25/03/21
Low snowpack, rain may lift Italian summer power prices
Low snowpack, rain may lift Italian summer power prices
London, 21 March (Argus) — Low snowpack and hydro reserves in Italy may increase
the call on gas-fired power plants this summer, likely supporting power prices
in days when renewable generation is weakest. Hydro generation from run-of-river
installations, pumped-storage plants and hydroelectric reserves accounted for
almost 20pc of the power mix on average over 2020-24 in the third quarter — the
second-highest share after the second quarter at 22.2pc — compared with
gas-fired generation covering 45pc. But prevailing conditions suggest that
without unusually wet weather this summer, Italian rivers could be drier than
normal, limiting scope for hydro output and potentially opening more space for
gas in the power mix, driving up electricity prices. Snow water equivalent — or
the estimated water content of snow — moved back to a deficit to last year's
levels on 23 February after showing signs of improvement over the first three
weeks of the month, according to Italian meteorological association Cima.

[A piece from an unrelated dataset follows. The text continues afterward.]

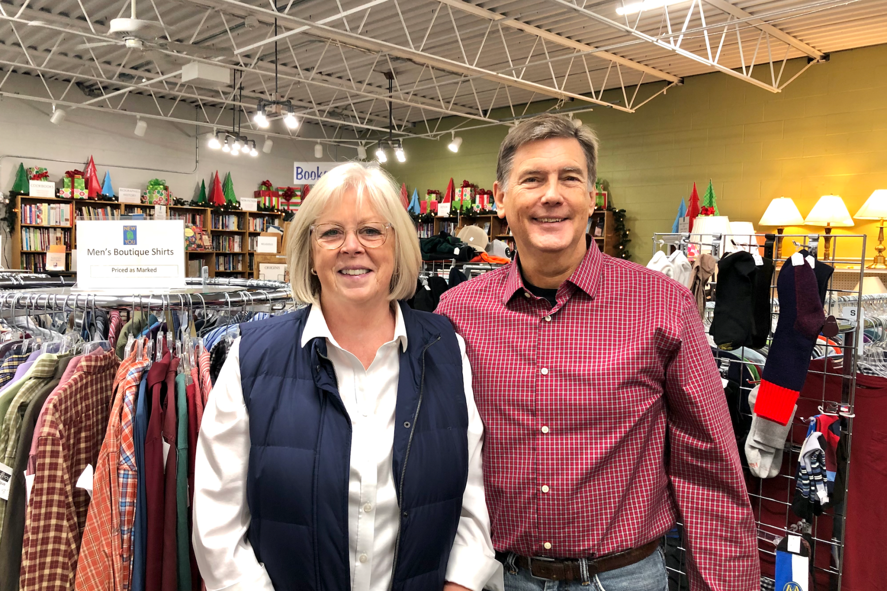 Meet Bernie and Dan, one of the fantastic volunteer couples at New 2 You that each use their gifts in vastly different ways to serve! Bernie began volunteering at New 2 You about six years by cashiering while doing our store’s bookkeeping remotely. Dan started volunteering about two and a half years ago in the men’s clothing department and is now the department manager.
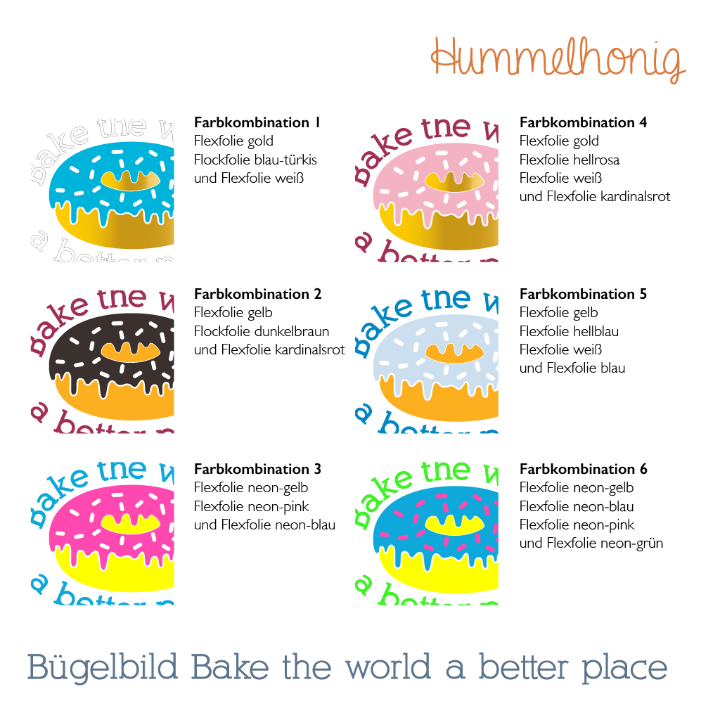 Dieses Bügelbild bieten wir dir einfarbig oder in 6 vordefinierten Farbkombinationen an. Bei den Kombinationen 1-3 sind die Streusel ausgeschnitten und die Farbe des Stoffs schaut durch. Die Kombinationen 4-6 enthalten die Streusel als zusätzliches Teil zum Aufbügeln. Wünschst du dir eine andere Farbkombination, als die von uns vorgegebenen, schreib uns gerne an!

Snowpack was at a deficit of 57pc to the 2011-23 average as of 8 March,
narrowing slightly compared with a 58pc deficit around the same time in
February. The deficit in the Po basin, which accounts for almost half of Italy's
snow water resource, is currently at a 44pc deficit to the seasonal norm, Cima
data show. In the Apennines, the Tiber basin is at a 95pc deficit to the
long-term average, marking the worst balance of the last 13 years. And hydro
reserves have been at a consistent deficit to last year since January and moved
to a deficit to the five-year norm in the middle of February. Rainfall in
Malpensa and Paganella, in the north of the country, was at an average deficit
of almost 2 mm/d and 1.6 mm/d, respectively, to the seasonal norm over November
and December last year. While precipitation picked up in January and moved to a
surplus to the norm of 1.9 mm/d in Malpensa and 1.4 mm/d in Paganella, minimum
temperatures were 1.6°C above the long-term average in Milan, reducing snow
accumulation. The latest data show that hydro reserves have picked up for the
first time this year in week 11, reaching 2.1TWh and narrowing their deficit to
the 2020-24 average to 0.8pc compared with 5.2pc a week earlier. Still, they
remain 6.6pc below last year, with the deficit standing even wider at 9.1pc,
when compared with the 2015-24 average. Looking ahead, forecasts indicate that
minimum temperatures in Milan will hold around 2°C above the 10-year norm until
the end of April, possibly leading some snowmelt to support run-of-river
generation early in the second quarter, when power demand is typically at its
lowest. But this would also leave less snow to melt later in the summer, when
cooling demand peaks and drives up overall demand for electricity. While solar
capacity increased steadily by over 500MW a month last year, the share of the
power mix covered by solar output in the third quarter of 2024 remained almost
unchanged from the same period in 2023. Assuming a similar monthly growth in
photovoltaic (PV) capacity this year, the solar load factor is expected to
increase by 1.8 percentage points to 17.8pc in the third quarter of 2025 on the
year. This means that even if solar capacity and output continue growing, it may
not be enough to offset a lack of hydro generation in the third quarter of this
year, and thermal generation may still need to cover a significant amount of
residual demand. The third quarter of 2025 has averaged €135.85/MWh
($146.83/MWh) so far this quarter, well above an average €91.60/MWh seen over
the same period last year. Clean spark spreads for 55pc-efficient gas-fired
units for the third quarter of 2025 have averaged around €19.60/MWh since the
start of the year, compared with an average of €15.50/MWh over the same time
last year. As solar and wind capacity is set to increase over the coming years
to reach a national target of 110GW by 2030, renewable output will cover an
increasing share of Italian electricity demand — estimated to reach 335TWh in
2028. Thermal plants may become less economically viable and will likely be
decommissioned unless they are kept operating through ancillary services. But
turning on gas-fired plants from cold and with a stop-start operation would lead
to exaggerated costs and higher maintenance prices, Argus heard on the sidelines
of the KEY25 Energy Transition Expo in Rimini earlier this month. This could
lead to electricity prices spiking in periods of scarce hydro availability, as
hydro-run-of river is Italy's largest single source of renewable generation,
accounting for 17pc of the power mix last year compared with less than 5pc of
hydro-pumped storage and reservoirs. By Ilenia Reale Italian hydro stocks TWh
Gas and hydro output, hydro reserves GW, TWh Send comments and request more
information at feedback@argusmedia.com Copyright © 2025. Argus Media group . All
rights reserved.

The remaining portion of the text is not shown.